Design Patterns – Identifying and Describing Anti-Patterns

anti-patternsdesign-patternsdsl

The case where a source-level operator actually describes an operation to take place at some future point, thunking the real operator together with its operands.

I don't know if this has any kind of general name, or perhaps it's too low-level a design element to be thought of as a "pattern" at all, but anyway it's an element that is frequently seen in a number of situations:

  • If I understand correctly (not a frequent C++ user), Boost::Phoenix does this to represent its lambdas and lazy operations, e.g. overloading + to actually capture the arguments along with the real + function for their type
  • Parser combinators in functional languages (or something like Spirit) look like operators on data, but actually build a parser that runs later
  • Other EDSLs (in languages with operator overloading) seem to do this a lot, e.g. functional reactive programming libraries tend to invisibly build procedures that will do what the operation looks like it's doing right now
  • (Again, if I understand correctly) IO in Haskell builds an imperative computation out of pure components that is then "executed" by dark magic hidden in the language runtime, while looking like it's just executing the functions in-place
  • At a simpler level, Greenspunning an embedded mini-Lisp into a C program could be considered the same thing: S-expressions can be built out of calls to C functions, to be run later (this last one would probably usually be considered the antipattern case), letting you look like you're passing "a lambda" to a C function, when you're really passing interpreter data

It's obviously not an antipattern in all cases, as in some of those it's the only way to use the tool in question (doing it in C might earn one a beating though). I don't think it's "Greenspunning" or "using an EDSL" by itself, as it can be more generic and widely applicable than that. I don't think it's the Interpreter pattern, although I may not have correctly understood that one: the computation is being built directly by executing host language code (so it effectively exists at compile-time, but usually not as a first-class language construct), rather than parsed out of a string or other runtime loaded data.

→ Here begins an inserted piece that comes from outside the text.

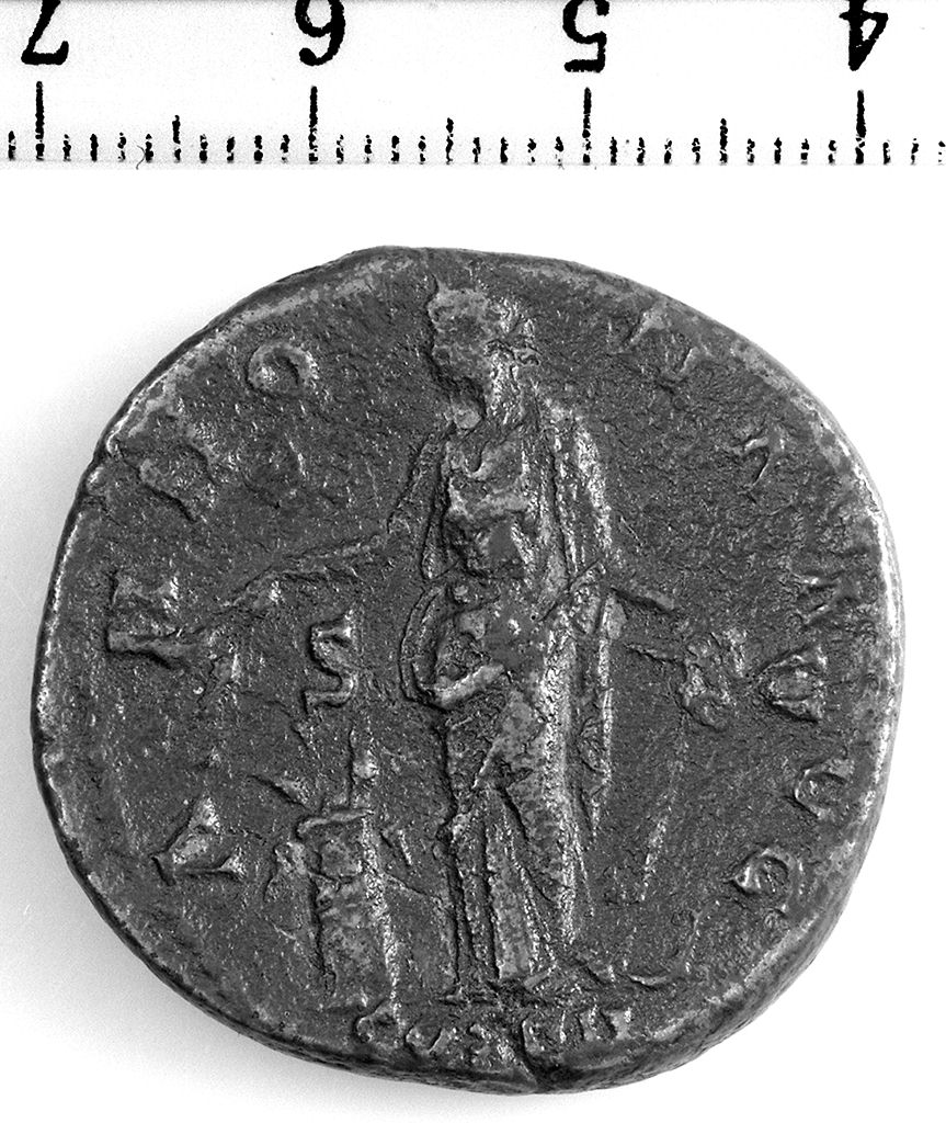 D/ Testa laureata di Antonino Pio volta a d. R/ L'Annona stante di frontee volta a s. con due spighe e ancora; ai suoi piedi, a s., modio con spighe e papaveri

In all cases, what seems to happen is that an operation looks like it's doing one thing (not necessarily very convincingly, if it's C and you need to write out Add instead of overloading +, but same idea), while actually packaging that action up for later consumption. Something like a "computation builder" pattern? But I haven't found that term in use.

I don't have a practical problem to solve here; it's just bugging me that there seems to be a common design element that I can't put a name to.

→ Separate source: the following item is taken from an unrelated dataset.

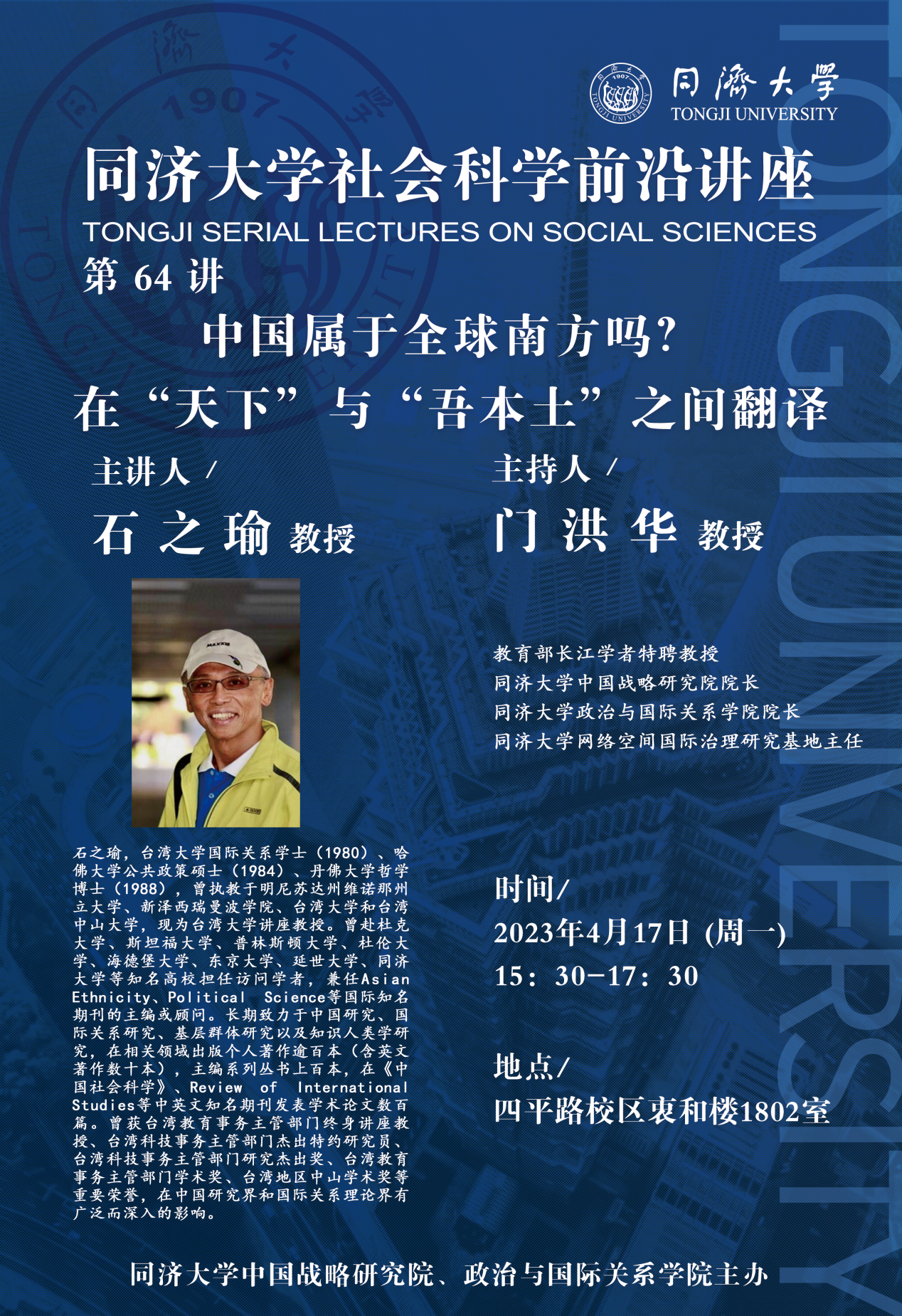 石之瑜教授,台湾大学国际关系学士(1980)、哈佛大学公共政策硕士(1984)、丹佛大学哲学博士(1988),曾执教于明尼苏达州维诺那州立大学、新泽西瑞曼波学院、台湾大学和台湾中山大学,现为台湾大学讲座教授。曾赴杜克大学、斯坦福大学、普林斯顿大学、杜伦大学、海德堡大学、东京大学、延世大学、同济大学等知名高校担任访问学者,兼任Asian Ethnicity、Political Science等国际知名期刊的主编或顾问。长期致力于中国研究、国际关系研究、基层群体研究以及知识人类学研究,在相关领域出版个人著作逾百本(含英文著作数十本),主编系列丛书上百本,在《中国社会科学》、ReviewofInternationalStudies等中英文知名期刊发表学术论文数百篇。曾获台湾教育事务主管部门终身讲座教授、台湾科技事务主管部门杰出特约研究员、台湾科技事务主管部门研究杰出奖、台湾教育事务主管部门学术奖、台湾地区中山学术奖等重要荣誉,在中国研究界和国际关系理论界有广泛而深入的影响。

(Question originally posted at StackOverflow, moved by hand)

Best Answer

What you seem to be describing is Lazy Evaluation. Computations to be performed when the result is needed, rather than when it appears in the source code.

In Haskell, this is done by hiding these computations behind monadic abstractions. In C++, the abstractions are similar, but more explicit, and partially hidden behind overloaded operators and expression templates.

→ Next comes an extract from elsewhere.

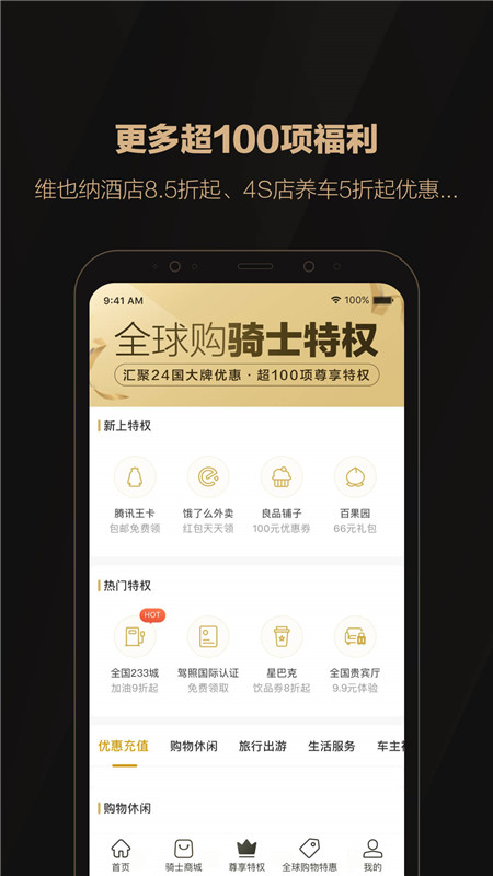 全球购骑士特权app是一款由广州探途网络技术有限公司开发的优惠购物APP。在你网购淘宝的时候,你有没有想过,你只需要几个操作,就可以让你想要的商品大降价!全球购骑士特权里集合了各种购物优惠券和特权,让你轻松体验到超VIP的价格!这里汇聚了24个国家购物,境内外优质特权。在这里可以享受更多的折扣待遇,包含全球范围,让你出国也能享受购物的愉快!

Similarly, your cited example of "Greenspunning" of a Lisp-like construct in C is not an antipattern, but rather a data-driven lazily-evaluated DSL, and seems, actually, to be one of the most common patterns of an FFI for Lisp and Scheme interpreters (especially in ECL, Chicken, tinyscheme and others), since C lacks the means to construct and pass unexecuted functions as data.

You will notice that these patterns do not appear in languages which have first-class function objects.